To produce a similar result to my answer from a question on approximating pi:

from functools import wraps

def memoize(f):
    """Store and retrive previous results of the decorated function f."""
    cache = {}
    @wraps(f)
    def func(*args):
        if args not in cache:
            cache[args] = f(*args)
        return cache[args]
    return func

@memoize
def fact(n):
    """Recursively calculates n!."""
    if n <= 1:
        return 1
    return n * fact(n - 1)

def inverse_fact_n(start_n=0):
    """Generator producing the infinite series 1/n!."""
    numerator = 1.0
    denominator = start_n
    while True:
        yield numerator / fact(denominator)
        denominator += 1

def approximate_e(steps=None, tolerance=None):
    """Calculate an approximation of e from summation of 1/n!."""
    if steps is None and tolerance is None:
        raise ValueError("Must supply one of steps or tolerance.")
    series = inverse_fact_n()
    if steps is not None: # stepwise method
        return sum(next(series) for _ in range(steps))
    output = 0 # tolerance method
    term = next(series)
    while abs(term) > tolerance: 
        output += term
        term = next(series)
    return output

if __name__ == "__main__":
    from math import e
    print("math.e:\t\t{0:.20f}.".format(e))
    stepwise = approximate_e(steps=100)
    print("Stepwise:\t{0:.20f}.".format(stepwise))
    tolerated = approximate_e(tolerance=0.0000000001)
    print("Tolerated:\t{0:.20f}.".format(tolerated))

The function approximate_e allows you to specify either:

1. A number of steps ("I want it to take this long"); or
2. A desired tolerance ("I want it to be this accurate").

There is some relatively advanced Python around this (e.g. the memoizing decorator function and the generator function to produce the series), but you can just focus on the main function, where next(series) gives you the next term of the summation.

This gives me the output:

math.e:     2.71828182845904509080.
Stepwise:   2.71828182845904553488.
Tolerated:  2.71828182844675936281.

Answer 4

The most effective way is to use the properties of the exponential function.

exp(x)=(exp(x/N))^N

Thus you compute x=exp(2^(-n)) with 2n bits more precision than required in the final result, and compute e by squaring the result n times.

For small numbers x, the error of truncating the series for exp(x) at the term with power m-1 is smaller than two times the next term with power m.

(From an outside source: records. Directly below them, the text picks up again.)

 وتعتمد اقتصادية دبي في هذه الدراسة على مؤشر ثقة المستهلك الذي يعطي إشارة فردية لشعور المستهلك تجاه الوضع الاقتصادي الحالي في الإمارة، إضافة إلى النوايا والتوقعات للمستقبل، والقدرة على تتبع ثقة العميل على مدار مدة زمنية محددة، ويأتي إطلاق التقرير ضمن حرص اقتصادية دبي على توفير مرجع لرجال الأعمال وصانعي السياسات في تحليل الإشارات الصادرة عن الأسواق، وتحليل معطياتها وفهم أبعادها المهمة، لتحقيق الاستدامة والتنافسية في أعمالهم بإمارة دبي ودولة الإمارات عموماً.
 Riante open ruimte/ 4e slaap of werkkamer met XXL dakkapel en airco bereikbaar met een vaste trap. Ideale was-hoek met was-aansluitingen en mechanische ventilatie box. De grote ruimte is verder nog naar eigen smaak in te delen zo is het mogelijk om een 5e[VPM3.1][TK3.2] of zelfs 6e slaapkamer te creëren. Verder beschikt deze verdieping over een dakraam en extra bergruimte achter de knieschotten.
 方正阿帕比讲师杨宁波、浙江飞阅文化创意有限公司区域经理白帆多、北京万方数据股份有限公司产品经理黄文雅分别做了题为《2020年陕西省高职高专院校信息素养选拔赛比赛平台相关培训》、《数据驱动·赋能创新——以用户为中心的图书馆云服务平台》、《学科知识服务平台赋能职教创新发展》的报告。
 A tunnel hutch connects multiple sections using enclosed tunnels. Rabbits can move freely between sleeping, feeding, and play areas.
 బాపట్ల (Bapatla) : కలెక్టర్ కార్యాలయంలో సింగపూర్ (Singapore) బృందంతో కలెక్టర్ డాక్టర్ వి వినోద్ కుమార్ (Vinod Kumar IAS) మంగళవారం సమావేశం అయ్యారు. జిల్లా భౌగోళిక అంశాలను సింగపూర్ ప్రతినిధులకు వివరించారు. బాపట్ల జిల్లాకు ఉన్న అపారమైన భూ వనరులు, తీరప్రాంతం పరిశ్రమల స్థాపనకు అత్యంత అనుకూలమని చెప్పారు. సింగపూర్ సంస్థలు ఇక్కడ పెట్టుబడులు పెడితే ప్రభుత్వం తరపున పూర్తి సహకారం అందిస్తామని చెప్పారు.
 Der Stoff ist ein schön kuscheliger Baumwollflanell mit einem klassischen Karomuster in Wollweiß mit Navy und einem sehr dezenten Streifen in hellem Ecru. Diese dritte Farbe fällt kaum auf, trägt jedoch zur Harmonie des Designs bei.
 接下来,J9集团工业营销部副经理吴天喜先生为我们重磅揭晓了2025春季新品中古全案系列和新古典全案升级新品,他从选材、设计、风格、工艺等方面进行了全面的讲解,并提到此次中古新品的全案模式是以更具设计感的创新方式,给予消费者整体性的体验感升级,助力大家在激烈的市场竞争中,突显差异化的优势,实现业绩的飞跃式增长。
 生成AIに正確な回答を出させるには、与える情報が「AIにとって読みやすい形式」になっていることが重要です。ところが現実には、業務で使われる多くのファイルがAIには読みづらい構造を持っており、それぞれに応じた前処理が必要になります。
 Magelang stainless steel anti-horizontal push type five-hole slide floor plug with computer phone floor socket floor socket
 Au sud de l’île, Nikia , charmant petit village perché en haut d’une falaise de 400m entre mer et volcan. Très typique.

To summarize, to compute e with a precision/accuracy of d bit, you select some medium large n and select m such that

2^(1-mn)/m! is smaller than 2^(-d-2n)

This determination of m can also be done dynamically (using Decimal as in the answer of user22698)

from decimal import Decimal, getcontext


def eulernumber(d):
    dd=d
    n=4
    while dd > 1:
        dd /= 8
        n += 1
    getcontext().prec = d+n
    x = Decimal(1)/Decimal(1 << n)
    eps = Decimal(1)/Decimal(1 << (1 + (10*d)/3 ))
    term = x
    expsum = Decimal(1) + x
    m = 2
    while term > eps:
        term *= x / Decimal(m)
        m += 1
        expsum += term
    for k in range(n):
        expsum *= expsum
    getcontext().prec = d
    expsum += Decimal(0)
    return expsum


if __name__ == "__main__":
    for k in range(1,6):
        print(k,eulernumber(4*k))

    for k in range(10,13):
        print(k,eulernumber(4*k))

with output

( 1, Decimal('2.718'))
( 2, Decimal('2.7182818'))
( 3, Decimal('2.71828182846'))
( 4, Decimal('2.718281828459045'))
( 5, Decimal('2.7182818284590452354'))
(10, Decimal('2.718281828459045235360287471352662497757'))
(11, Decimal('2.7182818284590452353602874713526624977572471'))
(12, Decimal('2.71828182845904523536028747135266249775724709370'))

See the (unix/posix) bc math library for a more professional implementation of this idea, also for the logarithm and trig functions. The code of the exponential function is even given as example in the man page.